The response should contain all of the data below, reproduced exactly, and no pictures.

Input records Start Marker

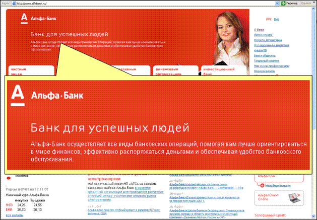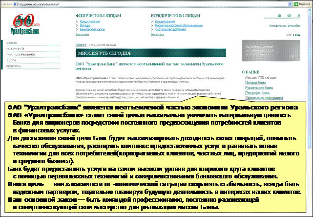 "Вы ведь знаете, где таится этот другой мир, и что мир, который вы ищете, есть мир вашей собственной души. Лишь в собственном вашем сердце живет та, другая действительность, по которой вы тоскуете. Я могу вам дать только то, что вы уже носите в себе сами, я не могу открыть вам другого картинного зала, кроме картинного зала вашей души. Я не могу вам дать ничего, разве лишь удобный случай, толчок, ключ. Я помогу вам сделать зримым ваш собственный мир, только и всего". Г.Гессе. Путешествие на Восток. Миссия к счастью или миссия поневоле? Речь в статье пойдёт о миссиях. На примерах миссий банков. Ещё недавно миссия и видение были очень модны. Многие организации ими обзавелись, многие делают это сейчас или думают об этом. Разработав миссии, большинство банков повесили их тексты на своих сайтах. Я пишу о том, что прочёл на сайтах банков, и что сам вижу вокруг. Я высказываю свою точку зрения и стараюсь быть в ней как можно более наивным и необусловленным чем-то/ кем-то, кроме того, что я вижу и чувствую[1]. Вот вопросы, ответы на которые я ищу в этой статье: -- Какие бывают миссии у банков? -- Зачем миссия нужна банку? -- Кому именно нужна миссия банка? -- Какой должна быть идеальная миссия банка? Уважаемый читатель! Это статья может быть ещё и маленьким практикумом для вас лично. Вы можете не только прочесть текст ниже и рассмотреть картинки, но и задать себе самому вопросы по своей организации. Итак, миссии банков. Какие они бывают? Посмотрим примеры. Миссия Альфа-Банка говорит о том, кем банк является и каким он хочет быть. Миссия в меру адекватна и амбициозна. Но ей не хватает яркости стимулирования, а сотрудники воспринимаются как приложение к банку. www.alfabank.ru/about/mission. Там же, где располагается миссия, выложен кодекс корпоративной этики ОАО "Альфа-Банк": www.alfabank.ru/f/1/about/mission/codex.pdf. Насколько он близок сотрудникам и вдохновляет их, настолько в нём есть польза. Позиционирование Альфа-Банка для такой миссии естественно. Одно влияет на другое. Невозможно долго и безнаказанно быть одним внутри, но другим снаружи. Люди прекрасно чувствуют это несоответствие и обман. www.alfabank.ru Сбербанк последователен в своей истории. На www.sbrf.ru миссия банка не обозначена. (Я её не нашёл). Но понимание себя и своего пути у банка явно есть. Может, это понимание называется по-другому, не миссией? Какая разница, как его назвать! Главное то, что оно руководит действиями банка. Коммуникация банка, которую я вижу, как будто нанизана на единый стержень. Это вызывает к нему доверие и обеспечивает успех. Сбербанк - народный банк. Так он и воспринимается большинством населения России. А "во что веришь, то и есть" - таков закон сознания. Пример развития и углубления истории Сбербанка. Любая коммуникация должна работать на марку и согласовываться с её миссией. Тогда это не пустые слова. А история марки, если она близка и интересна, является тем, что связывает с этой маркой людей. www.sbrf.ru/ruswin/download/News/Depositor_1.pdf
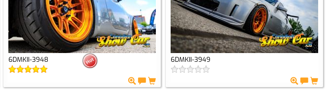 I will basically be adding photos from various events and private shoots that are in the galleries to the store bit by bit, so I will not always have everything from every show I have covered in the store. If you are looking through the galleries, look for a little shopping cart icon in the bottom right corner of each image (see detail image), if there is a cart icon, that image is avaiable for sale. That being said, if you see a photo you like in one of the galleries, but there is no cart icon, and you want to buy a digital copy of that image, make a note of the 6DMKII-XXXX number
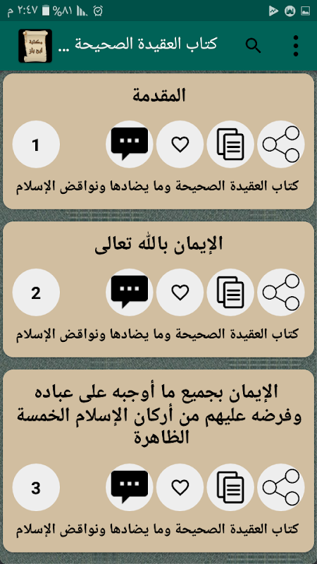 ◉ La posibilidad de copiar y compartir cualquier parte específica de la sección a través de una presión prolongada.
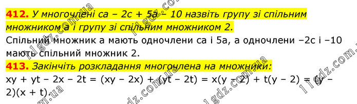 412. У многочлені са – 2с + 5а – 10 назвіть групу зі спільним множником а і групу зі спільним множником 2. Спільний множник а мають одночлени са і 5а, а одночлени –2с і –10 мають спільний множник 2. 413. Закінчіть розкладання многочлена на множники: xy + yt – 2x – 2t = (xy – 2x) + (yt – 2t) = х(у – 2) + t(y – 2) = (у – 2)(х + t).
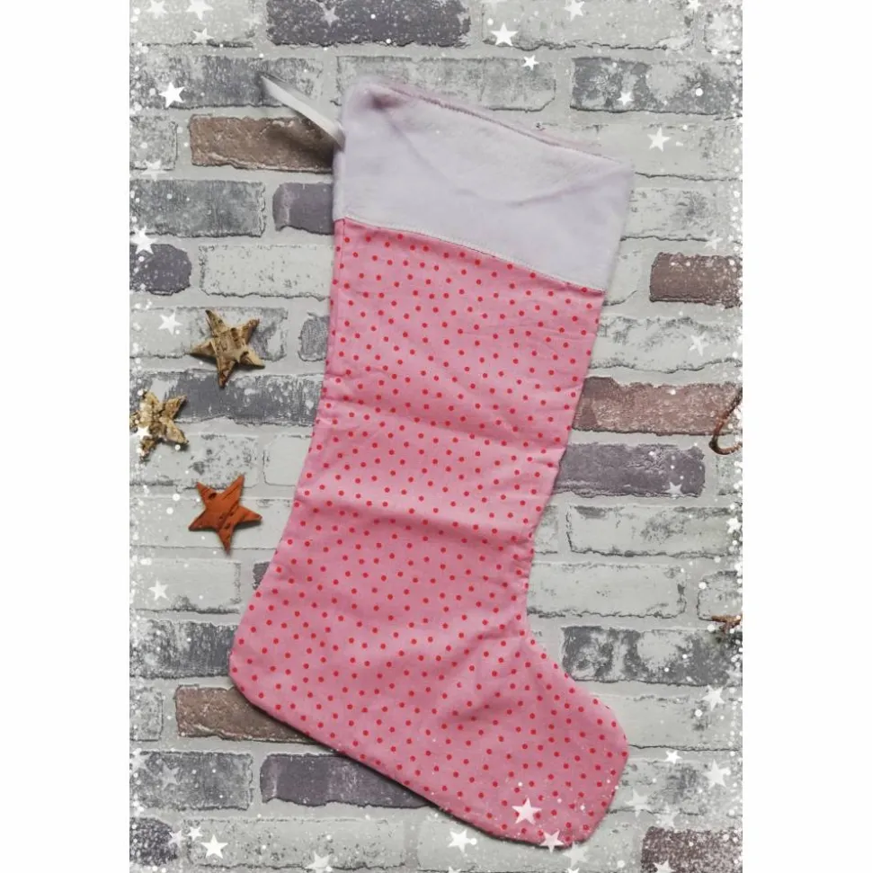 Der Stiefel ist etwa 36 cm hoch. Aus rosa-gepunktetem Stoff, oben ein weißer flauschiger Stoff. Für den Innenstiefel habe ich einen Baumwollstoff verwendet.
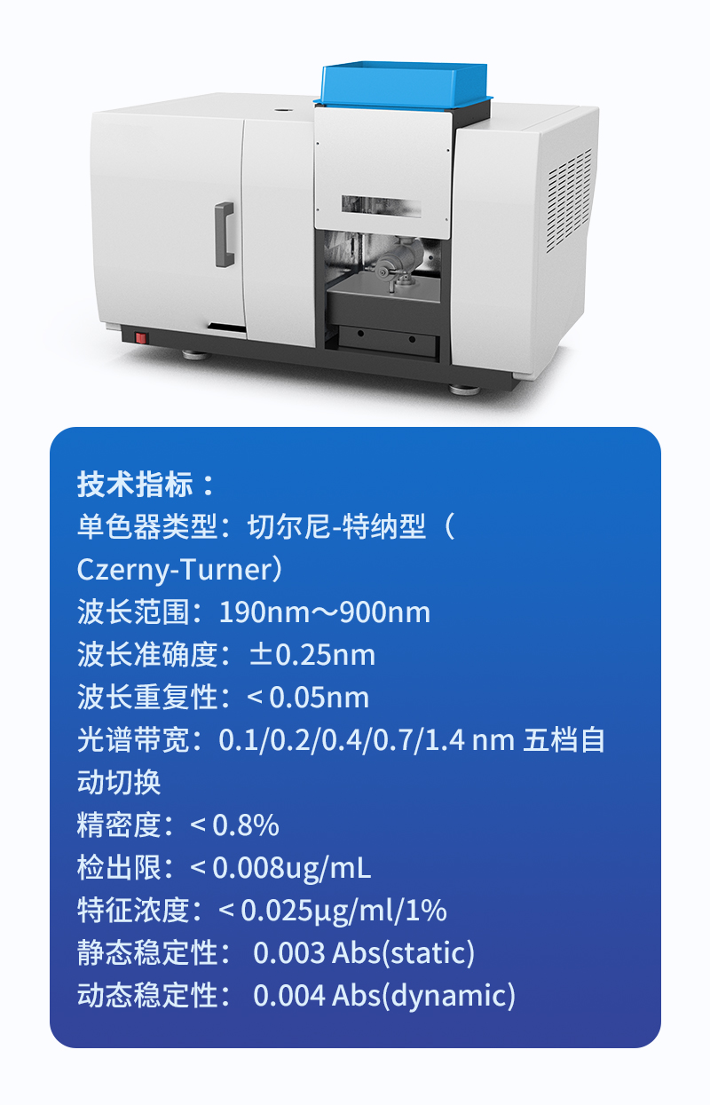 元素燈和氘燈雙重切換和背景扣除,具備氘燈與自吸收兩種背景校正模式,背景信號 1A 時,扣背景能力 50 倍以上。
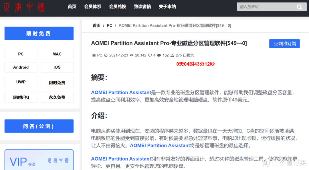 比较赞的是,这个网站也有不少限免活动(就是那种限时免费拿,过期就收费那种),譬如这个AOMEI Partition Assistant Pro-专业磁盘分区管理软件,原价要49美刀,限免领取。一经入库即可永久使用。
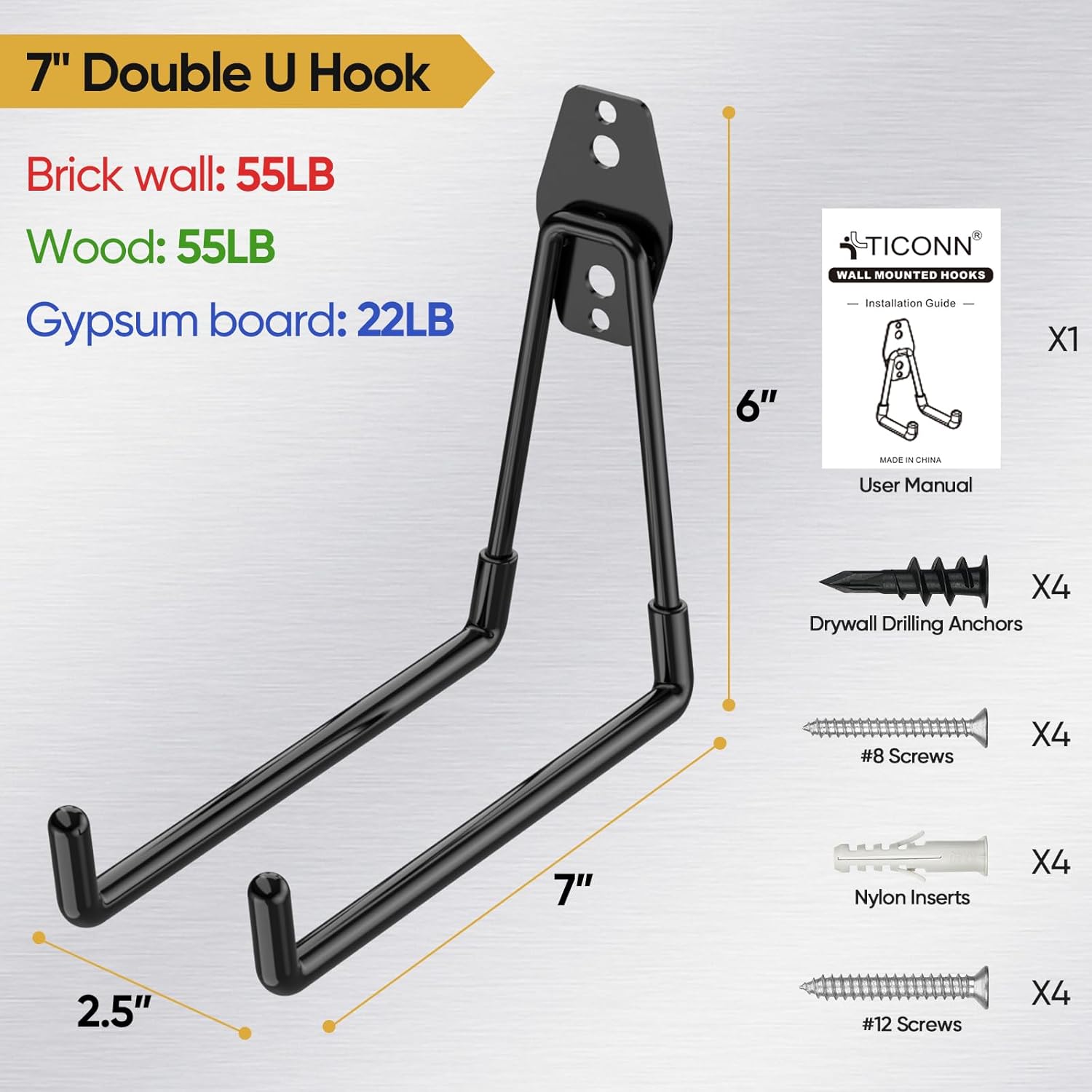 - [HEAVY DUTY MATERIAL] The garage hooks are made of sturdy iron and thickened steel plate with a rust-resistant and waterproof coating. The PVC sheath design provides protection against scratches and slipping. These hooks can support weights up to 154 lbs, ideal for hanging heavy items in your garage

Input records End Marker

**Result:**
 "Вы ведь знаете, где таится этот другой мир, и что мир, который вы ищете, есть мир вашей собственной души. Лишь в собственном вашем сердце живет та, другая действительность, по которой вы тоскуете. Я могу вам дать только то, что вы уже носите в себе сами, я не могу открыть вам другого картинного зала, кроме картинного зала вашей души. Я не могу вам дать ничего, разве лишь удобный случай, толчок, ключ. Я помогу вам сделать зримым ваш собственный мир, только и всего". Г.Гессе. Путешествие на Восток. Миссия к счастью или миссия поневоле? Речь в статье пойдёт о миссиях. На примерах миссий банков. Ещё недавно миссия и видение были очень модны. Многие организации ими обзавелись, многие делают это сейчас или думают об этом. Разработав миссии, большинство банков повесили их тексты на своих сайтах. Я пишу о том, что прочёл на сайтах банков, и что сам вижу вокруг. Я высказываю свою точку зрения и стараюсь быть в ней как можно более наивным и необусловленным чем-то/ кем-то, кроме того, что я вижу и чувствую[1]. Вот вопросы, ответы на которые я ищу в этой статье: -- Какие бывают миссии у банков? -- Зачем миссия нужна банку? -- Кому именно нужна миссия банка? -- Какой должна быть идеальная миссия банка? Уважаемый читатель! Это статья может быть ещё и маленьким практикумом для вас лично. Вы можете не только прочесть текст ниже и рассмотреть картинки, но и задать себе самому вопросы по своей организации. Итак, миссии банков. Какие они бывают? Посмотрим примеры. Миссия Альфа-Банка говорит о том, кем банк является и каким он хочет быть. Миссия в меру адекватна и амбициозна. Но ей не хватает яркости стимулирования, а сотрудники воспринимаются как приложение к банку. www.alfabank.ru/about/mission. Там же, где располагается миссия, выложен кодекс корпоративной этики ОАО "Альфа-Банк": www.alfabank.ru/f/1/about/mission/codex.pdf. Насколько он близок сотрудникам и вдохновляет их, настолько в нём есть польза. Позиционирование Альфа-Банка для такой миссии естественно. Одно влияет на другое. Невозможно долго и безнаказанно быть одним внутри, но другим снаружи. Люди прекрасно чувствуют это несоответствие и обман. www.alfabank.ru Сбербанк последователен в своей истории. На www.sbrf.ru миссия банка не обозначена. (Я её не нашёл). Но понимание себя и своего пути у банка явно есть. Может, это понимание называется по-другому, не миссией? Какая разница, как его назвать! Главное то, что оно руководит действиями банка. Коммуникация банка, которую я вижу, как будто нанизана на единый стержень. Это вызывает к нему доверие и обеспечивает успех. Сбербанк - народный банк. Так он и воспринимается большинством населения России. А "во что веришь, то и есть" - таков закон сознания. Пример развития и углубления истории Сбербанка. Любая коммуникация должна работать на марку и согласовываться с её миссией. Тогда это не пустые слова. А история марки, если она близка и интересна, является тем, что связывает с этой маркой людей. www.sbrf.ru/ruswin/download/News/Depositor_1.pdf
 I will basically be adding photos from various events and private shoots that are in the galleries to the store bit by bit, so I will not always have everything from every show I have covered in the store. If you are looking through the galleries, look for a little shopping cart icon in the bottom right corner of each image (see detail image), if there is a cart icon, that image is avaiable for sale. That being said, if you see a photo you like in one of the galleries, but there is no cart icon, and you want to buy a digital copy of that image, make a note of the 6DMKII-XXXX number
 ◉ La posibilidad de copiar y compartir cualquier parte específica de la sección a través de una presión prolongada.
 412. У многочлені са – 2с + 5а – 10 назвіть групу зі спільним множником а і групу зі спільним множником 2. Спільний множник а мають одночлени са і 5а, а одночлени –2с і –10 мають спільний множник 2. 413. Закінчіть розкладання многочлена на множники: xy + yt – 2x – 2t = (xy – 2x) + (yt – 2t) = х(у – 2) + t(y – 2) = (у – 2)(х + t).
 Der Stiefel ist etwa 36 cm hoch. Aus rosa-gepunktetem Stoff, oben ein weißer flauschiger Stoff. Für den Innenstiefel habe ich einen Baumwollstoff verwendet.
 元素燈和氘燈雙重切換和背景扣除,具備氘燈與自吸收兩種背景校正模式,背景信號 1A 時,扣背景能力 50 倍以上。
 比较赞的是,这个网站也有不少限免活动(就是那种限时免费拿,过期就收费那种),譬如这个AOMEI Partition Assistant Pro-专业磁盘分区管理软件,原价要49美刀,限免领取。一经入库即可永久使用。
 - [HEAVY DUTY MATERIAL] The garage hooks are made of sturdy iron and thickened steel plate with a rust-resistant and waterproof coating. The PVC sheath design provides protection against scratches and slipping. These hooks can support weights up to 154 lbs, ideal for hanging heavy items in your garage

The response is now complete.